Participants and methods
This is a cross-sectional study involving 230 children older than 10 years chosen randomly from two grades from two schools, one from an urban area (Taha Hussein School in Shebin El Kom City, Menoufia Governorate) and the other from a rural area (Meet masoad primary school in Meet Masoad village, Menoufia Governorate), both schools having been chosen at random. This age group was selected so that the children were old enough to understand and help their parents fill up the questionnaire. The predesigned questionnaires were sent home with children to their parents and only 200 (86.95%) completed questionnaires were returned. The questionnaire include data on measurements of satisfaction in different services provided in the healthcare unit of the school, quality of school healthcare services, availability of school healthcare services, and degree of utilization of these services. The obtained data were tabulated and analyzed statistically.
Results
The study showed that there was no statistically significant difference between urban and rural areas with regard to the availability of school healthcare services.
The study also showed that about 74% of parents in the rural area seek medical advice in primary healthcare, represented by the family health unit.
Question No. 8 in our questionnaire asked about the type of medical care that was the participant's first choice (private clinic, hospital, or primary healthcare). Participants whose first choice was primary healthcare were classified as regular utilizers and the other participants were classified as nonregular utilizers. All 200 children were utilizers of school healthcare services. The study showed that differences in residence and parent satisfaction were highly significantly different between regular utilizers and nonregular utilizers (P < 0.01), whereas differences in availability of school healthcare services were nonsignificant between the two groups.
The study showed that 35% of rural parents considered the services to be expensive compared with 11% of urban parents.
Conclusion
The quality of school healthcare services is poor, as evaluated through the responses in our questionnaire. We recommend regular measurement of satisfaction in services provided to children in order to improve quality as well as provide regular training programs for medical staff to update their knowledge and improve their performance.
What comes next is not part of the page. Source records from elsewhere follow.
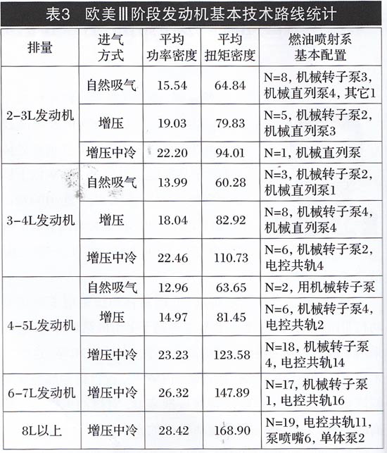 表3 欧美Ⅲ阶段发动机基本技术路线统计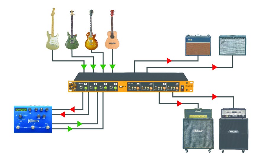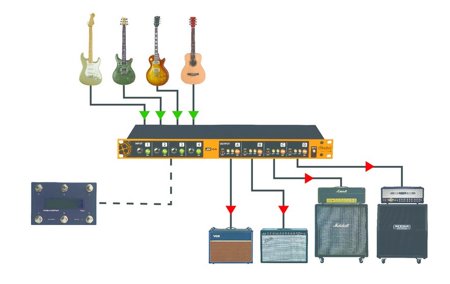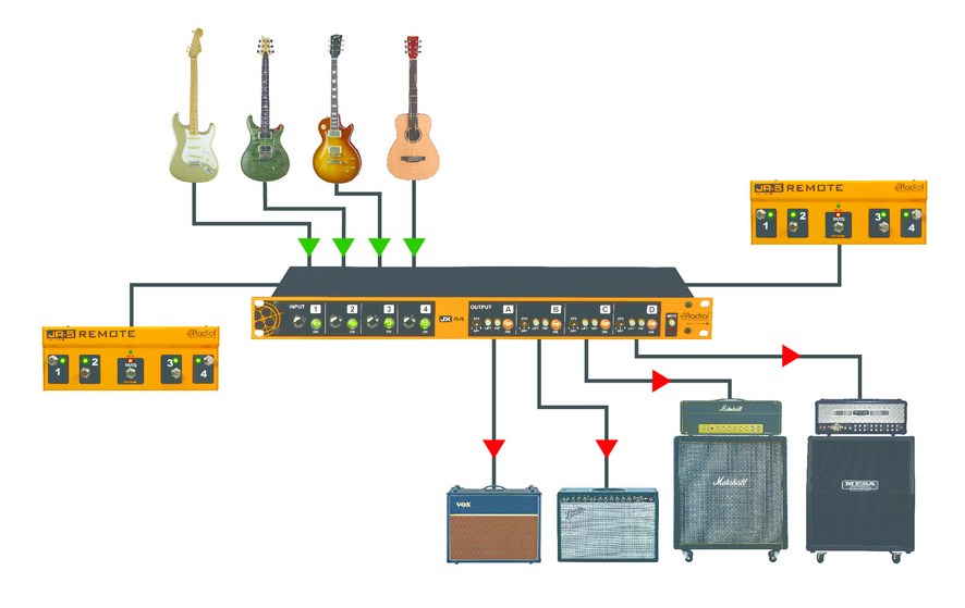 Le JX44-V2 de radial est l'outil ultime pour le guitariste sur scène. Il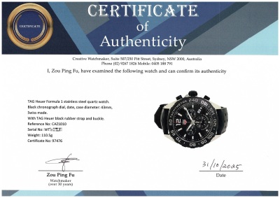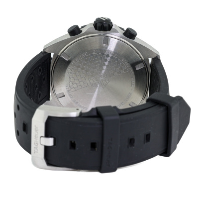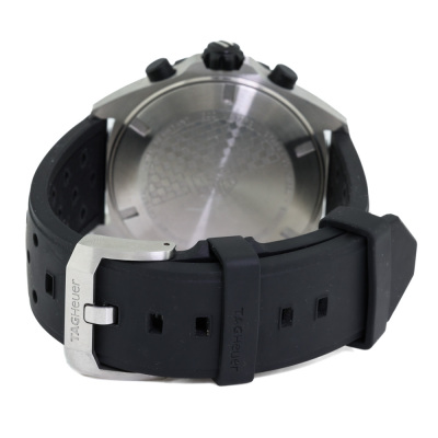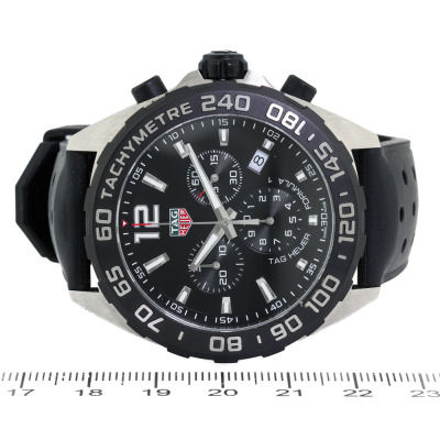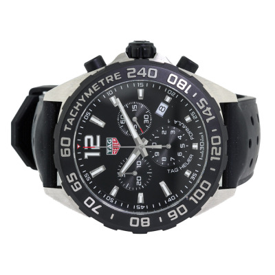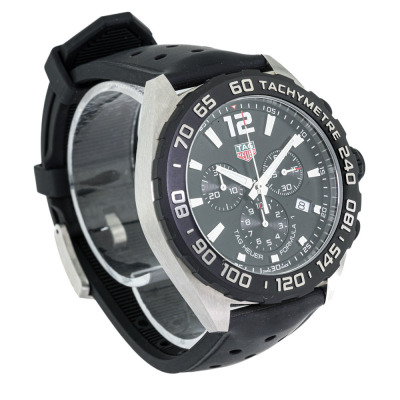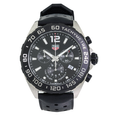 TAG Heuer Formula 1 stainless steel quartz mens watch. Black chronograph dial, date, case diameter: 43mm, max wrist size: 21cm, Swiss made. Ref# CAZ1010. With TAG Heuer black rubber strap and buckle. With Certificate of Authenticity. No warranty applies. Weight: 110.5g (Pre-owned)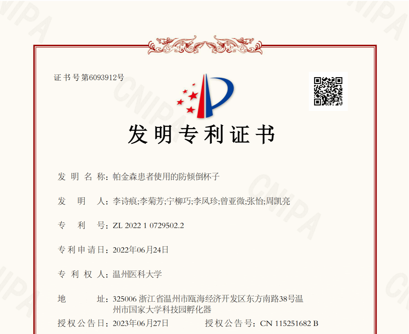 李诗痕,女,中共党员,52AV 2021级护理硕士研究生,师从李菊芳副教授。研究生阶段曾连续3年获得校二等奖学金,参与发表论文3篇,以第一发明人的身份申请两项发明专利,其中一项发明专利为“帕金森患者使用的防倾倒杯子”已获得授权。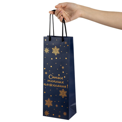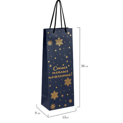 Пакет подарочный (1 шт.) новогодний, 13x9x36 см, "Bottle #2", голография, ассорти, ЗОЛОТАЯ СКАЗКА, 592429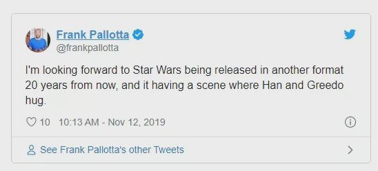 CNN 记者 Frank Pallota 吐槽:我期待20年后星战再次重新发布新版本,在里面韩和格里多能够相互拥抱。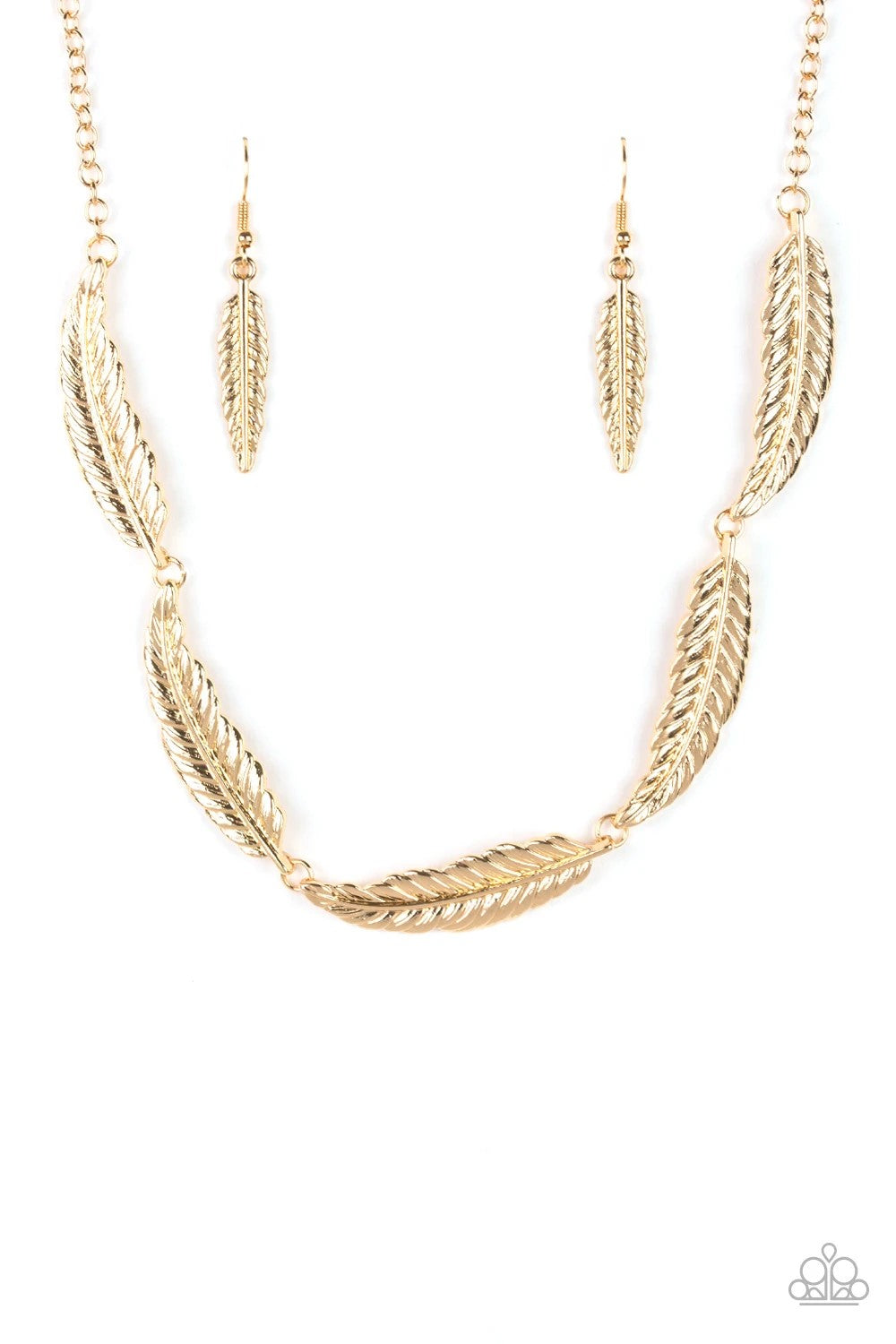 Plumas doradas realistas cepilladas con un brillo intenso se unen debajo del cuello a la moda de la temporada. Cuenta con un cierre de broche ajustable.

Keywords: accessibility, healthcare services, satisfaction, school health


How to cite this article:
Abu Salem ME, Salama AA, Hasan MA. Utilization and assessment of school healthcare services provided to schoolchildren by family physicians in Menoufia, Egypt. Menoufia Med J 2015;28:578-82

How to cite this URL:
Abu Salem ME, Salama AA, Hasan MA. Utilization and assessment of school healthcare services provided to schoolchildren by family physicians in Menoufia, Egypt. Menoufia Med J [serial online] 2015 [cited 2020 Feb 26];28:578-82. Available from: http://www.mmj.eg.net/text.asp?2015/28/2/578/163921


  Introduction Top


Family physicians provide promotive, preventive, and curative care to both healthy and sick children. Family physicians treat many children who are at risk because of lack of access to medical care, poor family support, lack of education, poverty, and other problems [1] .

Children and adolescents of the school-age group 5-19 years represent a large sector of the Egyptian population (38.6%), as they represent the future of this country for renaissance and development [2] .

The Students Health Insurance Programme was started in Egypt in the year 1992 when decree No. 99 was passed with its revisions, and executive decisions were issued in 1993. It introduced compulsory health insurance for all schoolchildren in kindergarten, primary, preparatory, and secondary schools in both the public and the private sector. The program is planned to provide a convenient, comprehensive, and acceptable source of care, as well as offer the opportunity to avail of preventive and primary care services [3] .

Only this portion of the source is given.